AutoBrowse is an autonomous AI agent that can browse the web. You simply give AutoBrowse a task and it will complete it by interacting with the web browser as if it were a human.
Some examples of tasks you can give it:
-
Go to booking.com and find a hotel for 2 people in Madrid for 2 nights starting 2 November for under 200 EUR per night.
-
Sign up to ryanair.com with email: [email protected] and password C0mplexPassword!.
-
Go to Craigslist and search for Nintendo DS. Click on the first result.
https://drive.google.com/file/d/1Ind9z3mjHKTS-Q0vJl2FaHcPLrZtdEX0/view
-
Create a Python 3.9 environment
conda create --name py39 python=3.9
-
Activate the environment
conda activate py39
-
Install dependencies
pip install -r requirements.txt
-
Start the browser environment
Check the README under
browser-console/
for instructions on how to run it. -
Create a file
OAI_CONFIG_LIST
with the following content and put in your OpenAI API key:[ { "model": "gpt-4", "api_key": "<your-api-key>" }, { "model": "gpt-3.5-turbo", "api_key": "<your-api-key>" }, { "model": "gpt-3.5-turbo-16k", "api_key": "<your-api-key>" } ]
-
Run AutoBrowse
python autobrowse.py
You will then be prompted give a task to AutoBrowse.
You can make modifications agent configurations by modifying the agent_config.py
file. You can edit the system prompts, change the OpenAI models used etc.
AutoBrowse uses autogen agents and a browser console to plan and execute the task.
The design consists of 3 agents:
-
An HTML assistant that answers questions about the HTML of the current page open in the browser.
-
A code generator agent that generates puppeteer.js code to interact with the browser (i.e. navigate to a new page, click on a button, fill in form elements)
-
A planner agent that coordinates the use of the two agents above to fulfill the high-level task description provided by the user.

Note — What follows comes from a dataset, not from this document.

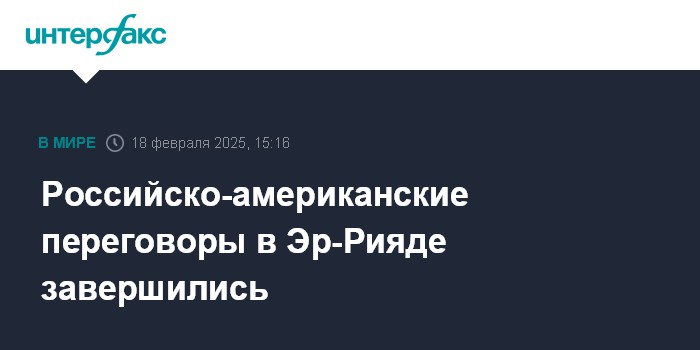 Москва. 18 февраля. INTERFAX.RU - Встреча делегаций РФ и США в Эр-Рияде завершилась, сообщил помощник президента России Юрий Ушаков в эфире Первого канала.

The agents interact with the browser through a websocket connection to a sandboxed browser environment that has an endpoint to accept puppeteer.js code to execute, as well as and endpoint to return the rendered HTML of the current open page.
Since HTML documents can be quite long and can exceed the token limit of OpenAI the following approach is taken to answer queries about the HTML:
-
The HTML returned from the browser environment is stripped down and simplified to reduce its size. This done by keeping only the most important attributes like id, name, type, and class . Moreover,
script
,style
,noscript
,img
,svg
,link
,meta
tags are removed altogether. -
The processed HTML is chunked into 15,000 token (as counted by OpenAI) so that they can easily fit in the 16K context window of
gpt-3.5-turbo-16k
. -
Using RAG with OpenAI embeddings, the most relevant chunk is provided as context to the question, and
gpt-3.5-turbo
can then answer the question about the HTML.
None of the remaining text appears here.